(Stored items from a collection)
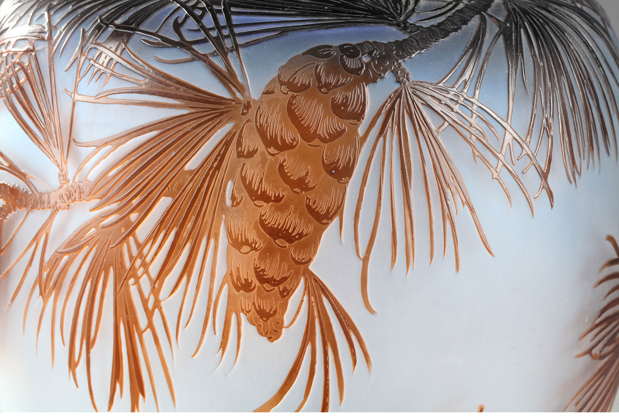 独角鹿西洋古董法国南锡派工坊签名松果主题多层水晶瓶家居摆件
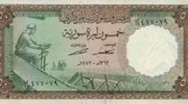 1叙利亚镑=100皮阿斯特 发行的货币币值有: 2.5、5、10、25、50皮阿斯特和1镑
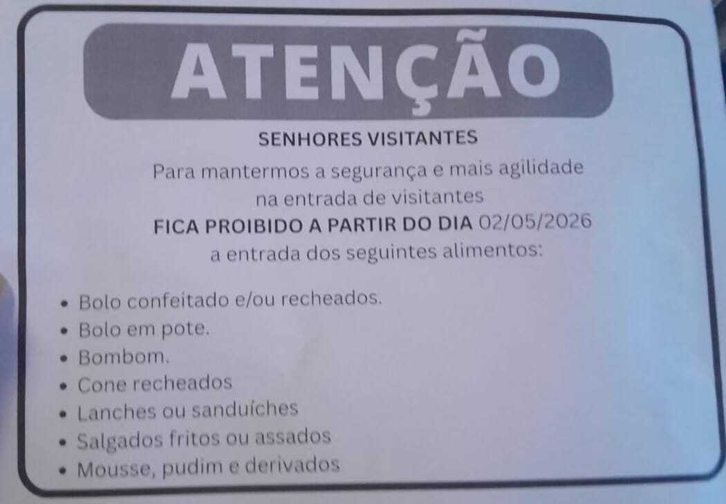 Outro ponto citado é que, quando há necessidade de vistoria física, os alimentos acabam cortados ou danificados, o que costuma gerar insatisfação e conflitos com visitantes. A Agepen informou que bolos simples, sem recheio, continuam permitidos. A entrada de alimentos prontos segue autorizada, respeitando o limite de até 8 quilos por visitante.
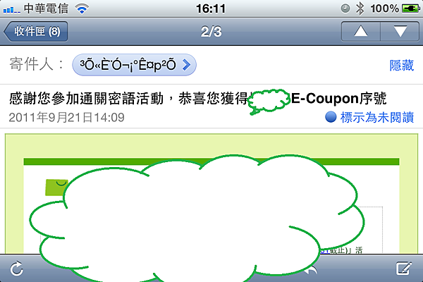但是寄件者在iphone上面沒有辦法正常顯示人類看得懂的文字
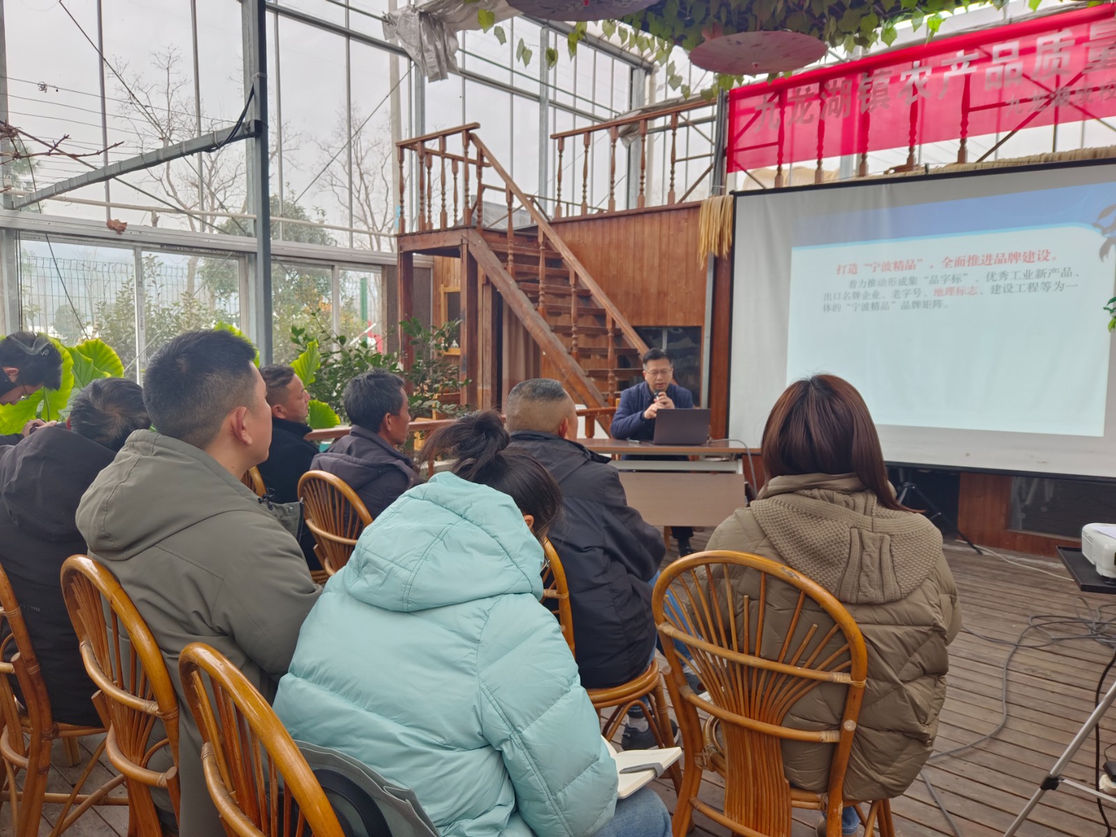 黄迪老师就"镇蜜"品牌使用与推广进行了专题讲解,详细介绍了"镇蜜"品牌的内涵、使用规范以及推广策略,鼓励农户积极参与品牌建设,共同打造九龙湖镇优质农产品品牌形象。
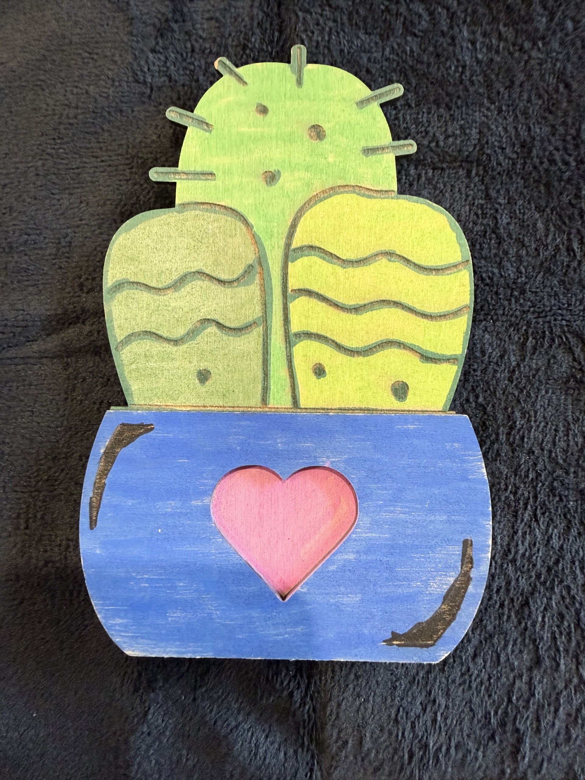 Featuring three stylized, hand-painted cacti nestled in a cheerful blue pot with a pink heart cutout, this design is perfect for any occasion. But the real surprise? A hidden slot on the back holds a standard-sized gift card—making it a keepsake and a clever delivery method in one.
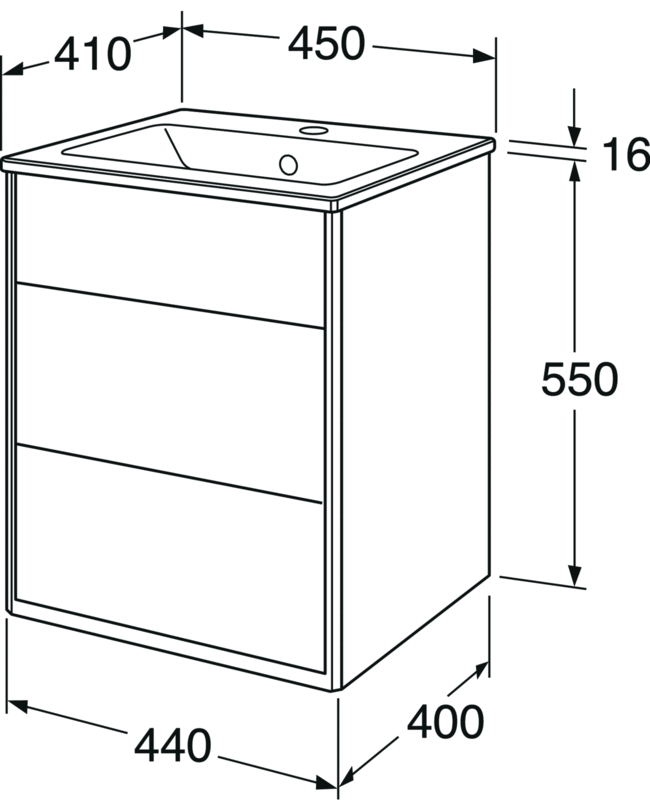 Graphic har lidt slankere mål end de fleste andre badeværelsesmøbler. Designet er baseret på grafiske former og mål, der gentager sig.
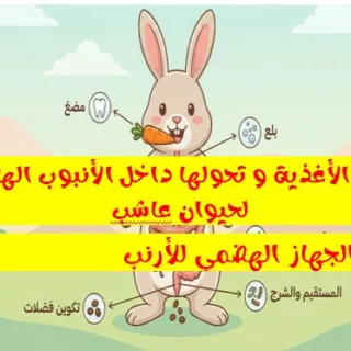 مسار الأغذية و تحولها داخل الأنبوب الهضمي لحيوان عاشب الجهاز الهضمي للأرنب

■ **Exercise instructions**
Write out the data again word for word, minus any images.

■ **Finished exercise**
 独角鹿西洋古董法国南锡派工坊签名松果主题多层水晶瓶家居摆件
 1叙利亚镑=100皮阿斯特 发行的货币币值有: 2.5、5、10、25、50皮阿斯特和1镑
 Outro ponto citado é que, quando há necessidade de vistoria física, os alimentos acabam cortados ou danificados, o que costuma gerar insatisfação e conflitos com visitantes. A Agepen informou que bolos simples, sem recheio, continuam permitidos. A entrada de alimentos prontos segue autorizada, respeitando o limite de até 8 quilos por visitante.
但是寄件者在iphone上面沒有辦法正常顯示人類看得懂的文字
 黄迪老师就"镇蜜"品牌使用与推广进行了专题讲解,详细介绍了"镇蜜"品牌的内涵、使用规范以及推广策略,鼓励农户积极参与品牌建设,共同打造九龙湖镇优质农产品品牌形象。
 Featuring three stylized, hand-painted cacti nestled in a cheerful blue pot with a pink heart cutout, this design is perfect for any occasion. But the real surprise? A hidden slot on the back holds a standard-sized gift card—making it a keepsake and a clever delivery method in one.
 Graphic har lidt slankere mål end de fleste andre badeværelsesmøbler. Designet er baseret på grafiske former og mål, der gentager sig.
 مسار الأغذية و تحولها داخل الأنبوب الهضمي لحيوان عاشب الجهاز الهضمي للأرنب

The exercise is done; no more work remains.